First, a quick refresher on schedule changes made for the 2020-21 season:

  • Programs can begin preseason practice on Wednesday, Oct. 14 β€” a 42-day window to conduct no more than 30 practices.
  • There will be no preseason exhibitions or scrimmages before Nov. 25.
  • Teams must play a minimum of 13 games against DI opponents to be considered for NCAA championship selection.
  • DI men's basketball has three scheduling options for the 2020-21 season.
    • 24 regular-season games and up to three games in one multi-team event.
    • 25 regular-season games and up to two games in one multi-team event.
    • 25 regular-season games without playing in a multi-team event. 
  • DI women's basketball has two scheduling options for the 2020-21 season.
    • 23 regular-season games and up to four additional games in one multi-team event.
    • 25 regular-season games without participating in a multi-team event.

On the postseason

As of Sept. 18, both Gavitt and Holzman are anticipating the NCAA tournament to take place as planned. The plan as of now is to have 68 teams for the men and 64 for the women, multiple sites used throughout both events as well as the Men's Final Four in Indianapolis and a Women's Final Four in San Antonio, Texas.

"As of today, we are planning and continue to plan to have our championship with the full field," Holzman told Katz. "If we have to pivot to make different decisions in order to ensure that health and safety we will."

The introduction of in-season disruption could pose new challenges in evaluating teams for the postseason. But Gavitt seemed confident in a committee's ability to adapt and adjust its criteria as needed.

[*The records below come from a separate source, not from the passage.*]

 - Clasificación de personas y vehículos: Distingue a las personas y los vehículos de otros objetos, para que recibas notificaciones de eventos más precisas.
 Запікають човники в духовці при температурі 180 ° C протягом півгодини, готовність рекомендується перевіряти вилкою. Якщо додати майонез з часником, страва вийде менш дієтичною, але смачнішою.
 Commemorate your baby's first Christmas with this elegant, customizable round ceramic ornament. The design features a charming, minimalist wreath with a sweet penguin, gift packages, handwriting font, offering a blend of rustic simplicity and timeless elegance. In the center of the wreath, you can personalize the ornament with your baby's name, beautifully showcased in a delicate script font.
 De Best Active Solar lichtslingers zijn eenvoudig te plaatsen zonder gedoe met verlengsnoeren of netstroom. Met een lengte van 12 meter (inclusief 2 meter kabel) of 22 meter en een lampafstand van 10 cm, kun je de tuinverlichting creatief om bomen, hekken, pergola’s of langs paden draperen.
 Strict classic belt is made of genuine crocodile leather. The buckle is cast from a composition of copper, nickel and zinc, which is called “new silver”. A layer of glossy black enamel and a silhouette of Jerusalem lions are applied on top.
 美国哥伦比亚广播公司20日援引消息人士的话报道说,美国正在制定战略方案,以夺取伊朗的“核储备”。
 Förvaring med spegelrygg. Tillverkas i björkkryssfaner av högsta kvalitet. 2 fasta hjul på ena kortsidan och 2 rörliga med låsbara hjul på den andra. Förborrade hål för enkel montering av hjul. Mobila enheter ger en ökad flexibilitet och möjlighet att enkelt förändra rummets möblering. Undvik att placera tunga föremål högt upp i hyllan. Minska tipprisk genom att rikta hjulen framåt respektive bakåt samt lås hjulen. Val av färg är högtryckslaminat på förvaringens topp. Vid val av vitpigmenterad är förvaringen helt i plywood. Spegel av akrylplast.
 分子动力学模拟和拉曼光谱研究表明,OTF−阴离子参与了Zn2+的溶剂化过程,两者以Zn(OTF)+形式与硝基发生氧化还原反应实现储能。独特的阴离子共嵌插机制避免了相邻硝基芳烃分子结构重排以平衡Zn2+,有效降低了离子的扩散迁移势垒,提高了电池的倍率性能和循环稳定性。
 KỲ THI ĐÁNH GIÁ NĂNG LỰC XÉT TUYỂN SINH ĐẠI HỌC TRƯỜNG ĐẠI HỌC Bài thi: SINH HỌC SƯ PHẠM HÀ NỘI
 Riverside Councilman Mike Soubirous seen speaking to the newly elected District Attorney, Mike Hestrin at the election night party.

On the new start of the season

Gavitt credited the advancements in testing as being fundamental to the season starting Nov. 25. The new start date shortens the calendar by 15 days, a proponent of how the Oversight Committee came to a 27-game maximum for the year, should teams participate in a multi-team event. That's down from a 31-game maximum from prior seasons. The four-game reduction is based on four play dates (two per week) during the 15 days that aren't now part of the 2020-21 season.

Another helpful point favoring this change was that at least three-quarters of Division I schools will have concluded their fall term or moved online for remaining classes and exams. A less-populated campus is a more controllable environment. It seems as though other dates were suggested, but Gavitt cited possible disruption in advocacy of the Nov. 25 start. 

"Once you have disruption, then you have far fewer play dates and time to get in a full regular season," Gavitt told Katz. "It's very likely basketball seasons will be disrupted. We're hoping those disruptions are few and minimal."

Gavitt said that while a minimum four nonconference games are recommended, they aren't required.

On competition 

One thing Gavitt does not believe has been fully recognized yet is the importance of physically and mentally preparing student-athletes and coaches for the season. Beginning Sept. 21, practice time increases from eight hours a week to 12. This time is intended for teams to build in more conditioning and skill instruction in preparation of the season as some schools have had limited access to facilities due to the pandemic.

"Athletic trainers and team physicians and coaches told us over the course of the summer that, in many cases, student-athletes weren't able to be on campus since early March," Gavitt told Katz.